◆ The data:
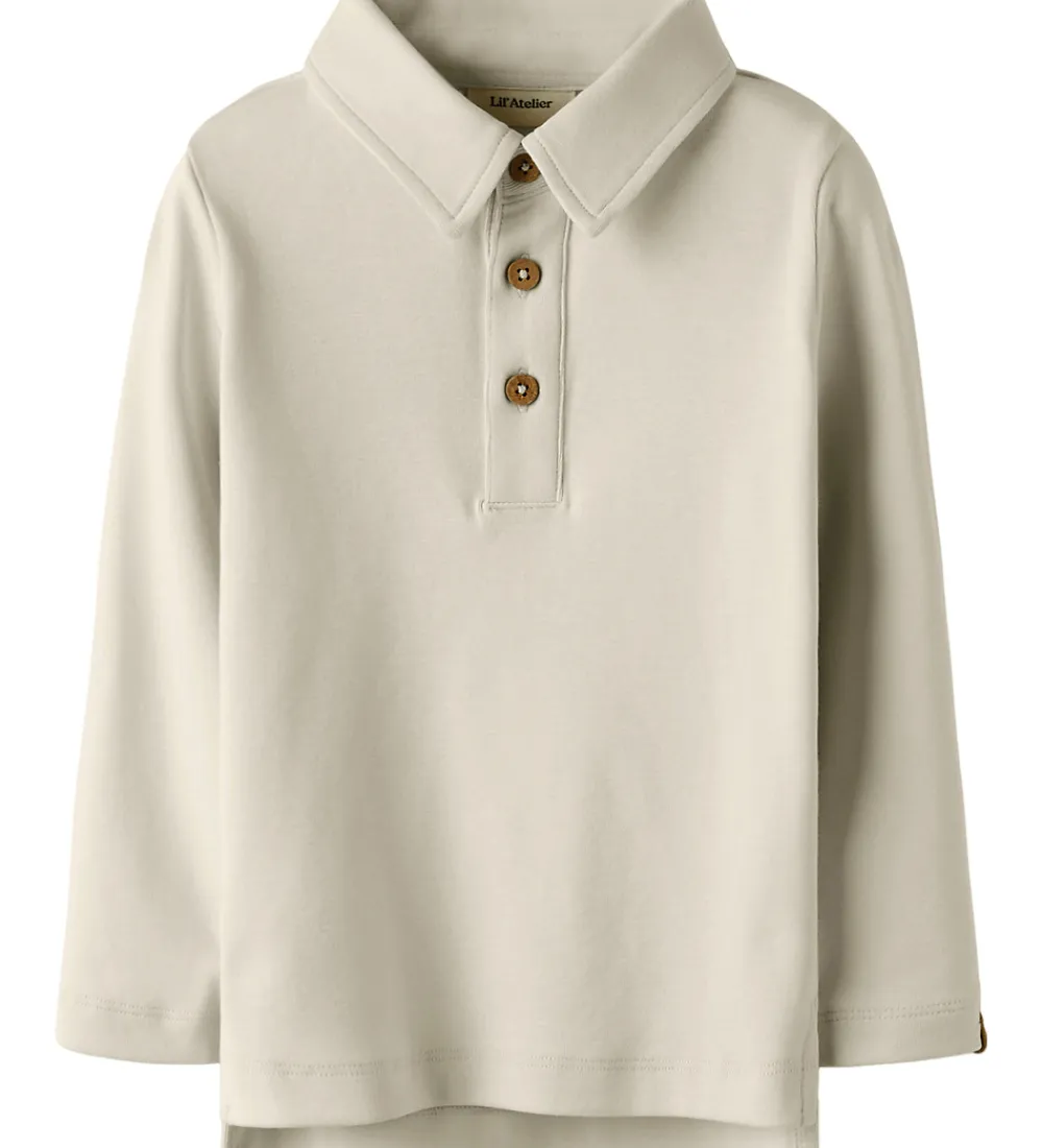 Poloblusen har lange ærmer og en klassisk krave, der tilføjer et stilrent udtryk. Knappestolpen med tre knapper i trælook giver en tidløs detalje. Den rene farve og det enkle design gør Lil Atelier blusen anvendelig til mange lejligheder.
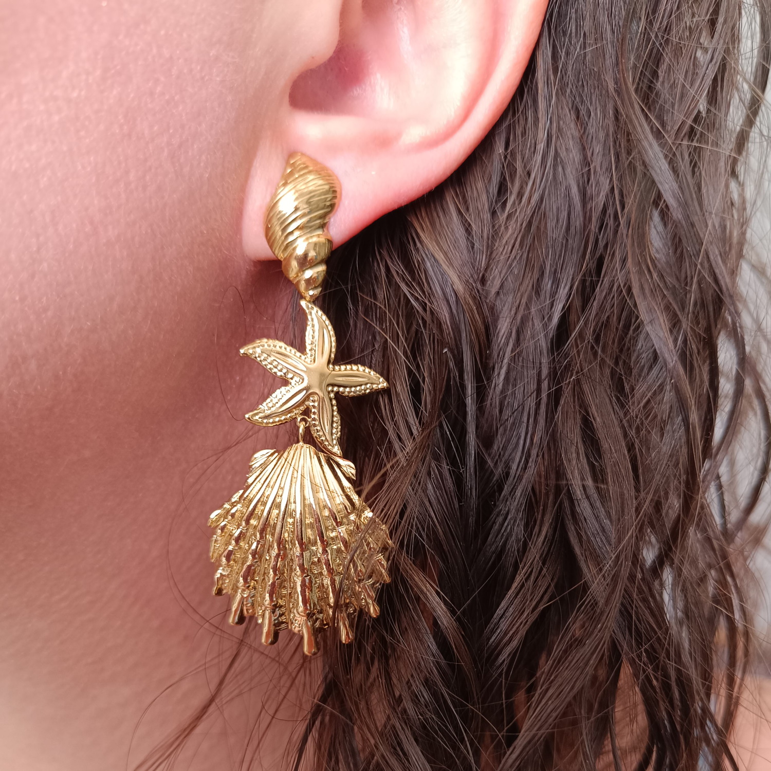 Description Boucles d'oreilles pendantes en forme de coquillages et d'étoile de mer en acier doré. Largeur 28 mm Hauteur 70 mm Matière(s) Acier . L'acier utilisé dans la bijouterie existe sous plusieurs qualités. Nous utilisons principalement la qualité 316L, qualité qui est utilisée en chirurgie. Cet acier est donc inoxydable et reste très résistant. Fermoir Tiges poussettes Couleur(s) dominante(s) Doré Public Adolescent , Adulte . Genre Femme , Fille . Saison Indémodable . Thème(s) Nature . Cliquez sur une matière, un thème, une couleur ou une collection pour voir tous les articles associés.
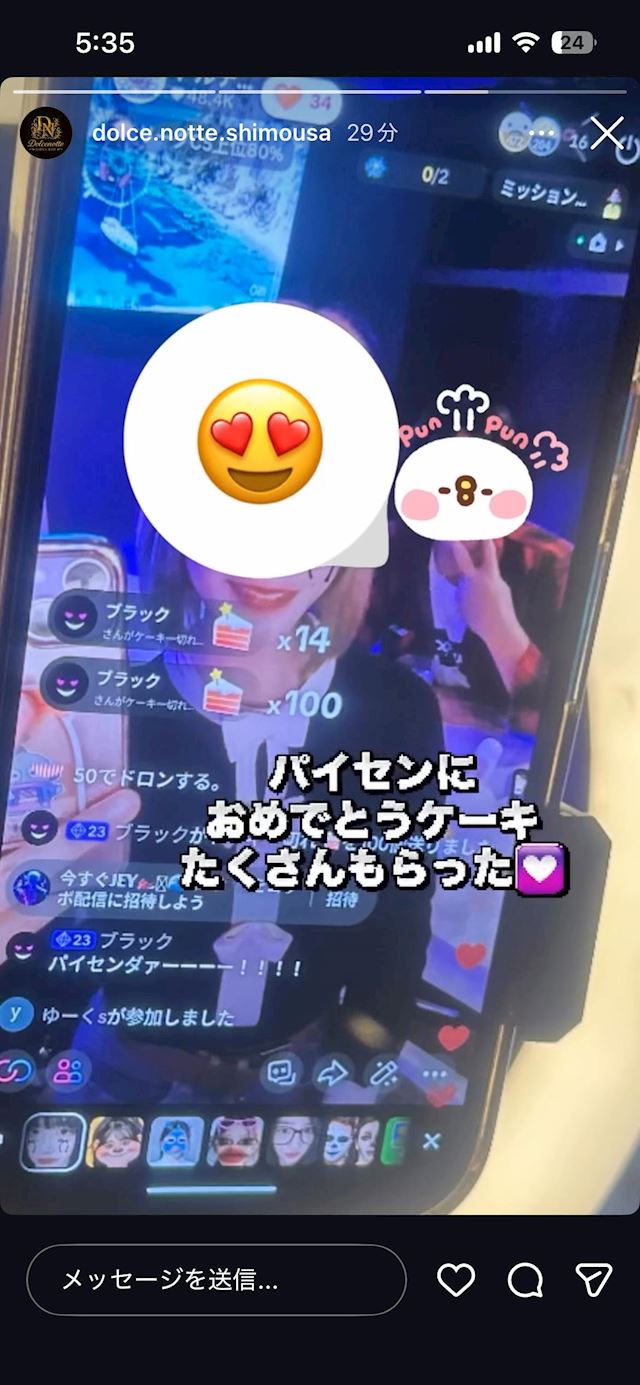 初めてドルチェさんのアカウントでTikTokライブに参加したのですが、その日ちょうど誕生日で初ライブでたくさん投げ銭? ケーキを500個投げてもらえたらととても興奮しました笑 4人か5人しか視聴してなかったのに1000近く合計で投げてもらえてたような気がします!
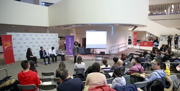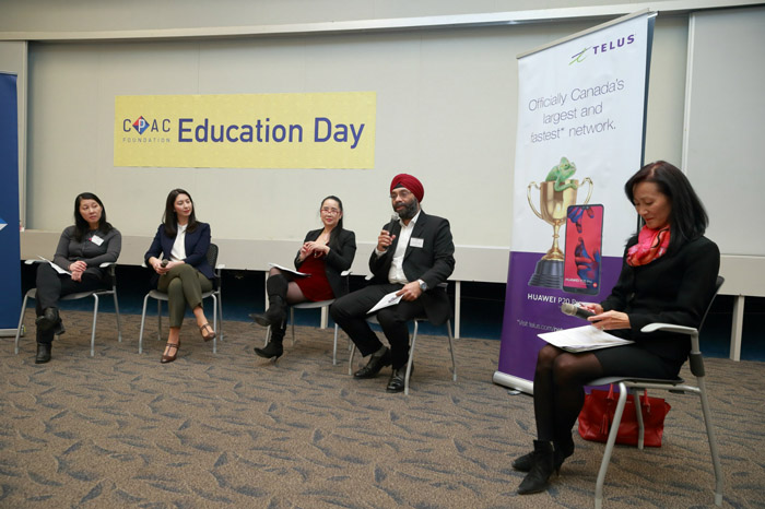 公校高中老师Zenobia Omarali、法语老师Diana Schwartz、家长代表Frank Wang与毕业学生代表Simon Ng为大家带来CPAC教育日分场讲座“探究加拿大教育体系:选择公校还是私校?英语学校还是法语学校?”

◆ Task requirements: Only what runs from the line with "Description Boucles d'oreilles" through the last line of the listing above belongs in the answer, set down exactly and free of pictures.

◆ Answer area:
 Description Boucles d'oreilles pendantes en forme de coquillages et d'étoile de mer en acier doré. Largeur 28 mm Hauteur 70 mm Matière(s) Acier . L'acier utilisé dans la bijouterie existe sous plusieurs qualités. Nous utilisons principalement la qualité 316L, qualité qui est utilisée en chirurgie. Cet acier est donc inoxydable et reste très résistant. Fermoir Tiges poussettes Couleur(s) dominante(s) Doré Public Adolescent , Adulte . Genre Femme , Fille . Saison Indémodable . Thème(s) Nature . Cliquez sur une matière, un thème, une couleur ou une collection pour voir tous les articles associés.
 初めてドルチェさんのアカウントでTikTokライブに参加したのですが、その日ちょうど誕生日で初ライブでたくさん投げ銭? ケーキを500個投げてもらえたらととても興奮しました笑 4人か5人しか視聴してなかったのに1000近く合計で投げてもらえてたような気がします!
 公校高中老师Zenobia Omarali、法语老师Diana Schwartz、家长代表Frank Wang与毕业学生代表Simon Ng为大家带来CPAC教育日分场讲座“探究加拿大教育体系:选择公校还是私校?英语学校还是法语学校?”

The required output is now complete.